#### Source data:
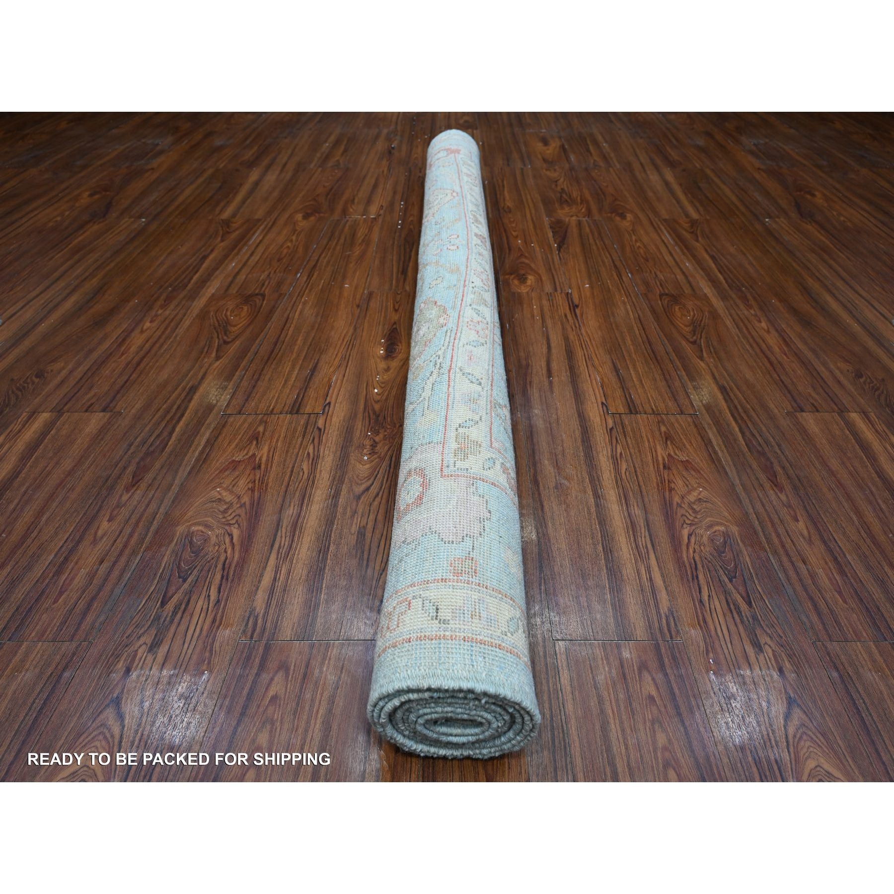 6'x8'8" Air Superiority Blue, All Over Village Motifs, Natural Dyes, Wool Weft, Hand Knotted, Afghan Angora Oushak, Oriental Rug FWR532170
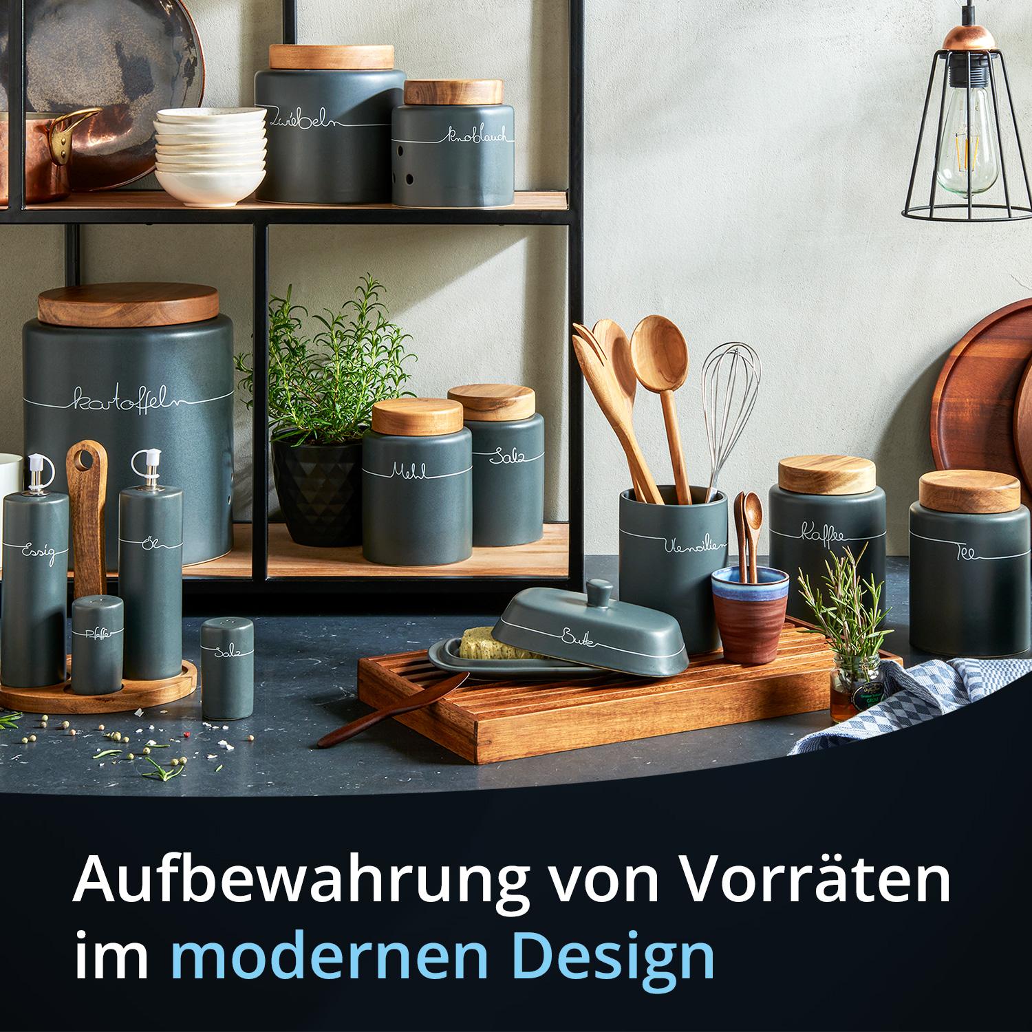 Beschreibung Diese moderne Butterdose in edlem Anthrazitgrau mit Zierschrift ist die perfekte Ergänzung für Ihre Küche. Hergestellt aus hochwertigem Keramik Steingut, ist sie nachhaltig und frei von BPA. Der praktische Knopf-Griff erleichtert das Anheben des Deckels. Mit Maßen von 18,5 x 12,5 x 8 cm bietet sie ausreichend Platz für einen 250 g Butterklotz. Die glatte Oberfläche ermöglicht eine einfache Reinigung per Handwäsche oder feuchtem Tuch. **Highlights** - Modernes Design in Anthrazitgrau - Nachhaltig aus Keramik Steingut - Praktischer Knopf-Griff - Ausreichend Platz für 250 g Butter - Leichte Reinigung **Produkteigenschaften** - Farbe: Anthrazit Grau - Material: Keramik Steingut - Maße: 18,5 x 12,5 x 8 cm - Fassungsvermögen: 250 g Butter - Pflegehinweis: Handwäsche oder Abwischen mit feuchtem Tuch
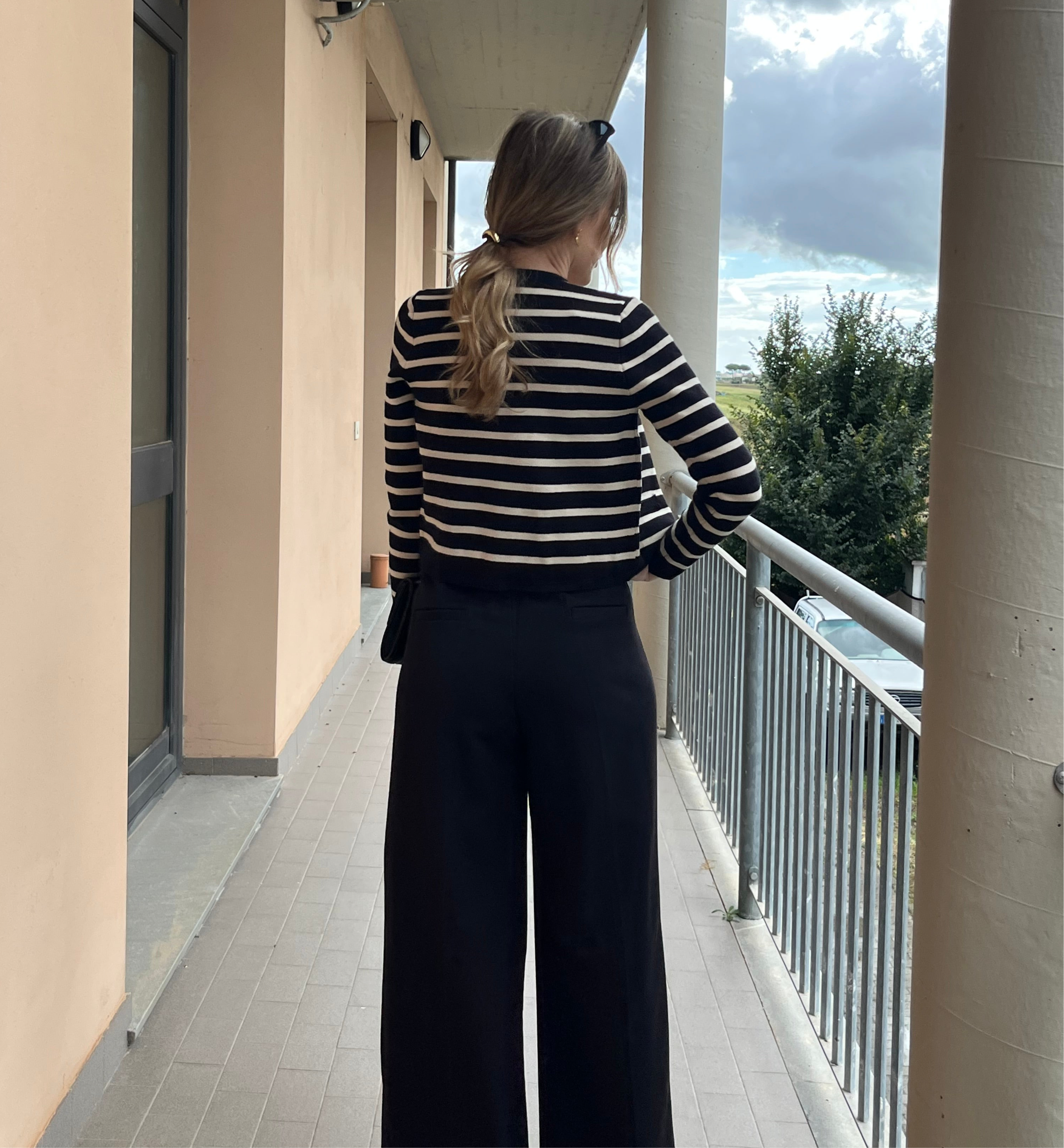 “Pantalone wide leg: comodissimo in vita e gamba che cade dritta. Su di me è leggermente lungo ma con le sneakers platform è perfetto.”
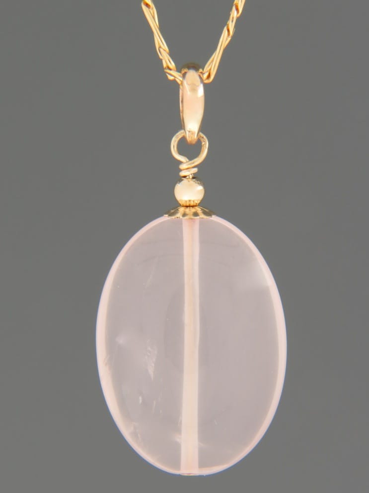 A pendant featuring a smooth polished, oval Rose Quartz stone with 14ct Gold Filled fittings.
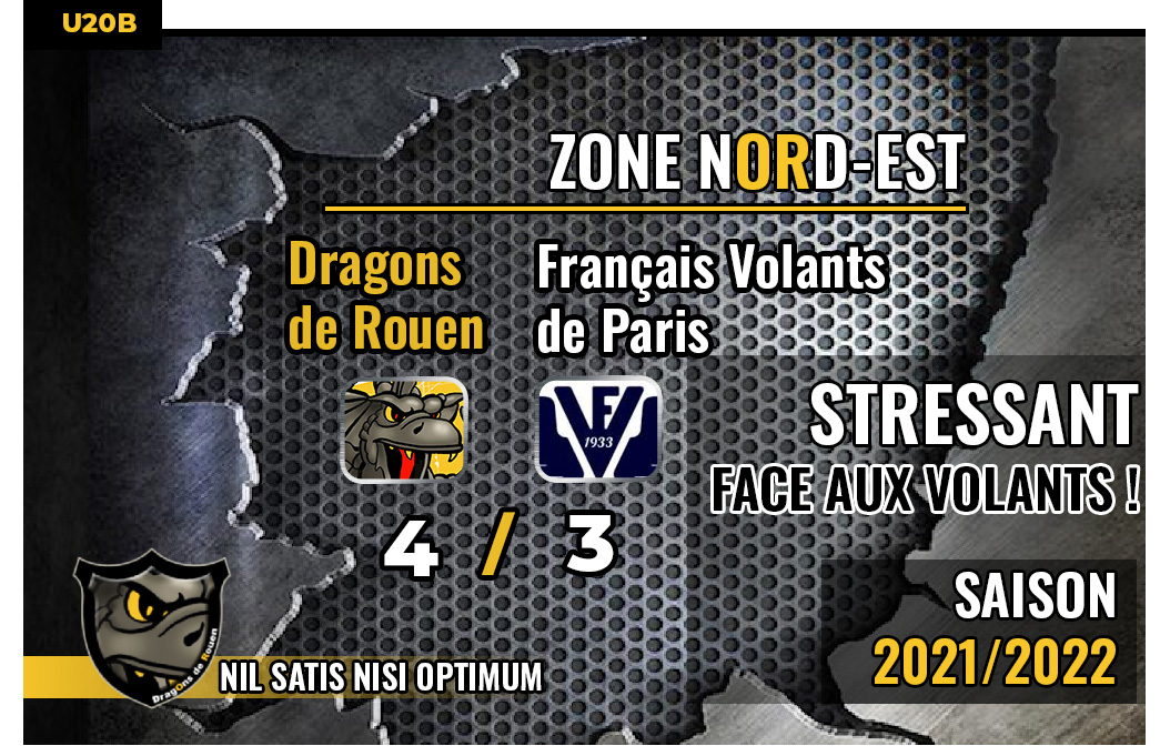 En ouvrant le score face aux Français Volants après seulement neuf secondes jouées, l'équipe U20 excellence jaune et noir pouvait imaginer passer un dimanche pacifique sur son Ile. Et pourtant au terme d'un troisième tiers particulièrement haut en couleurs, c'est sur le fil, dans les deux dernières minutes du match, que les Dragons finiront par s'imposer 4 buts à 3.
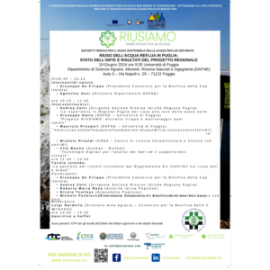 Il Consorzio per la Bonifica della Capitanata ha organizzato mercoledì 19 giugno 2024, presso l’aula 3 del Dipartimento di Scienze Agrarie, Alimenti, Risorse Naturali e Ingegneria (DAFNE) dell’Università di Foggia in Via Napoli n. 25 (Foggia), il convegno “Riuso dell’acqua reflua in Puglia: stato dell’arte e risultati del progetto regionale RIUSIAMO” promosso nell’ambito del progetto RIUSIAMO: Programma di Sviluppo Rurale (PSR) 2014-2020 Puglia sulla Misura 16 “Cooperazione”, sottomisura 16.2 “Sostegno a progetti pilota e allo sviluppo di nuovi prodotti, pratiche, processi e tecnologie”.
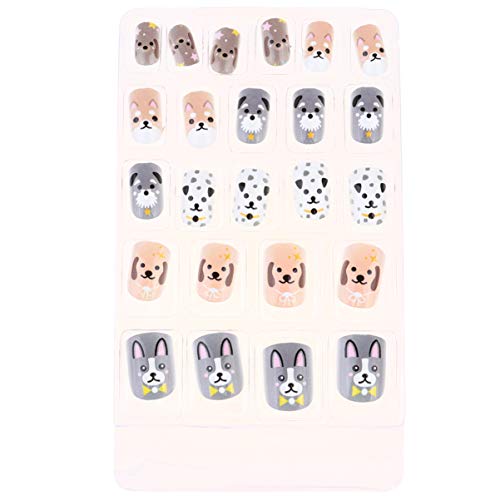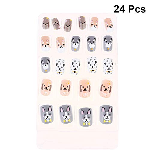Beaupretty 24Pcs Bambini Unghie Finte Pre-Colla Copertura Completa Caramelle Animali Punte Unghie Finte Punte per Unghie Strumento per Manicure
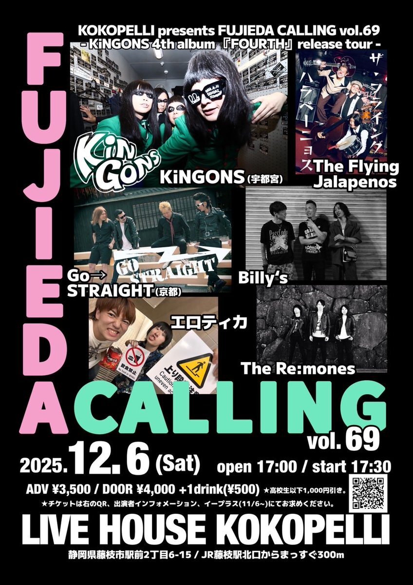 【ライブ!】 12.6(SAT) at 藤枝ココペリ open17:00/start17:30 ADV¥3,500/DOOR¥4,000+1drink w/KiNGONS(宇都宮) Go→STRAIGHT(京都) The Flying Jalapenos Billy's エロティカ 5月に対バンしたKiNGONSと再度対バンします! ご予約お待ちしております! 絶対に楽しいぞ! #ラモーンズ #RAMONES pic.x.com/v6ND7ga9tF
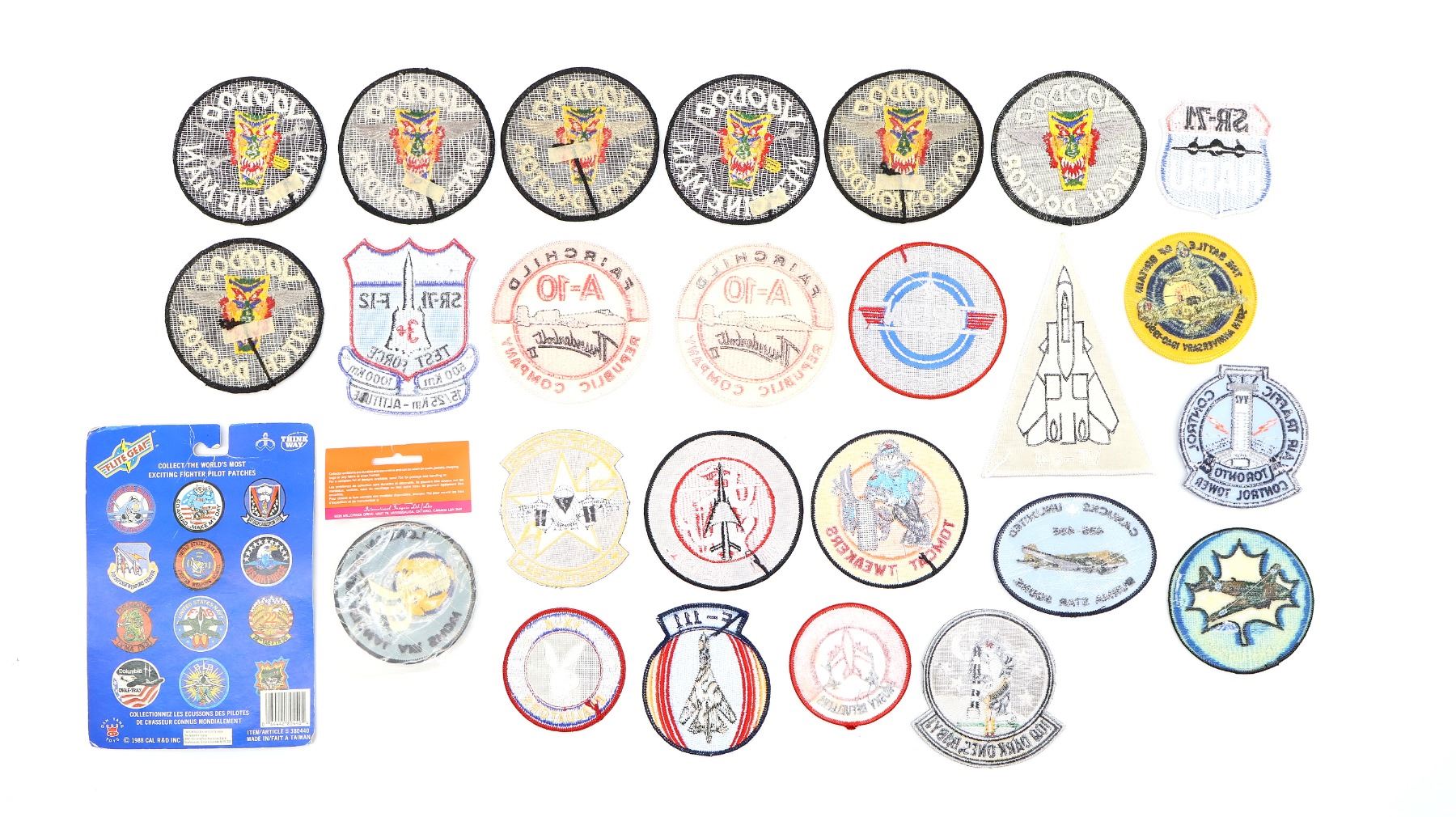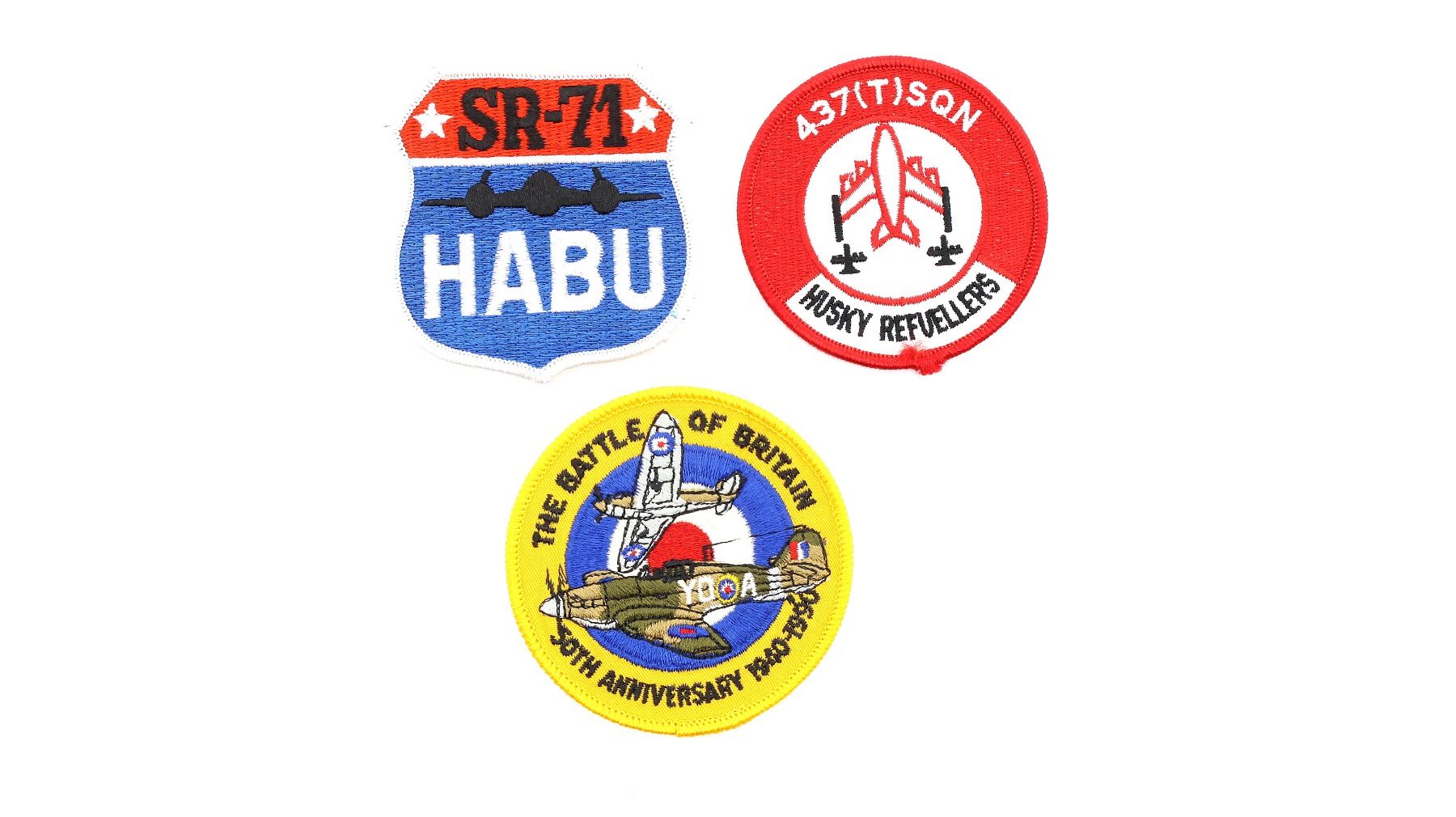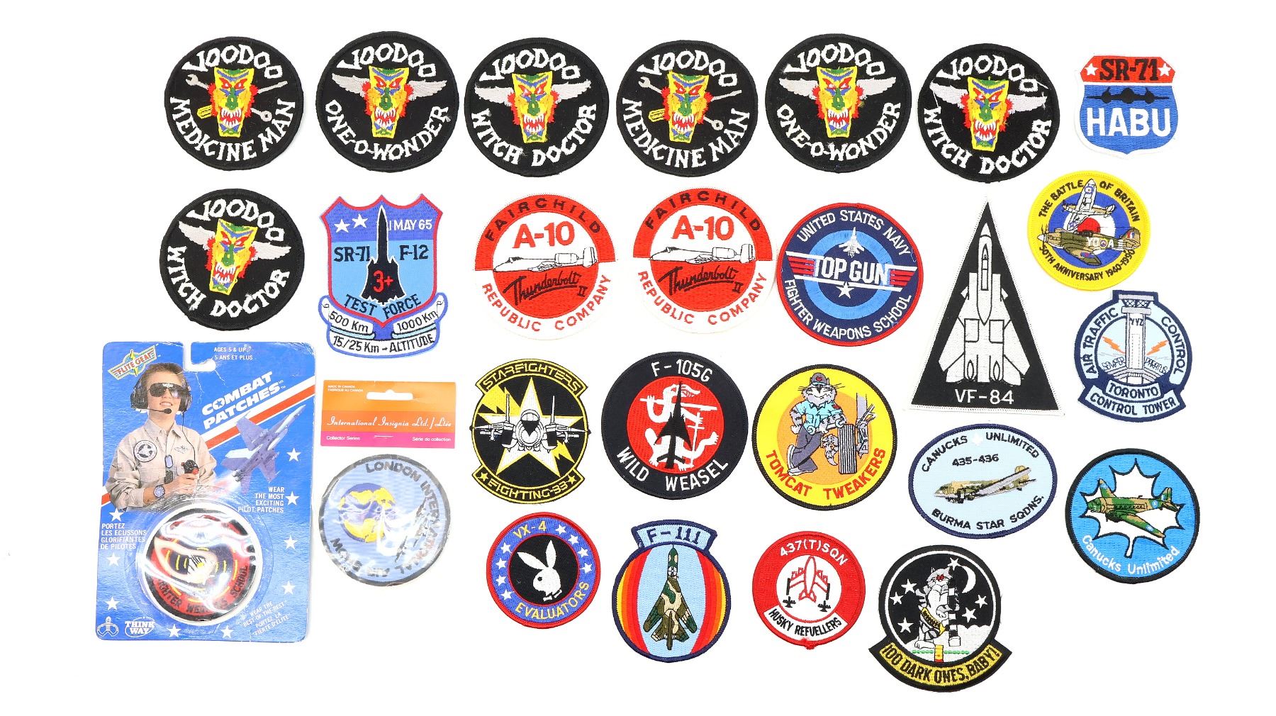 APPROX. (26) PIECES, VARIOUS SIZES / STYLES / COLOURS / MATERIALS, U.S. / CANADIAN / BRITISH MILITARY, INCLUDES; CANUCKS UNLIMITED 435-436 BURMA STAR SQDNS, THE BATTLE OF BRITAIN 50TH ANNIVERSARY 1940-1990, VOODOO WITCH DOCTOR, VOODOO MEDICINE MAN, VX-4 EVALUATORS, STARFIGHTERS FIGHTING 33, LONDON INTERNATIONAL AIRSHOW, SR-71 HABU, F-111, F-105G WILD WEASEL, ETC. SEE PHOTOS.

#### Problem requirements:
From the entries above, copy exactly the lines starting at the one with "wide leg: comodissimo" and stopping at the one with "En ouvrant le", keeping both ends. Drop the pictures.

#### Solution:
 “Pantalone wide leg: comodissimo in vita e gamba che cade dritta. Su di me è leggermente lungo ma con le sneakers platform è perfetto.”
 A pendant featuring a smooth polished, oval Rose Quartz stone with 14ct Gold Filled fittings.
 En ouvrant le score face aux Français Volants après seulement neuf secondes jouées, l'équipe U20 excellence jaune et noir pouvait imaginer passer un dimanche pacifique sur son Ile. Et pourtant au terme d'un troisième tiers particulièrement haut en couleurs, c'est sur le fil, dans les deux dernières minutes du match, que les Dragons finiront par s'imposer 4 buts à 3.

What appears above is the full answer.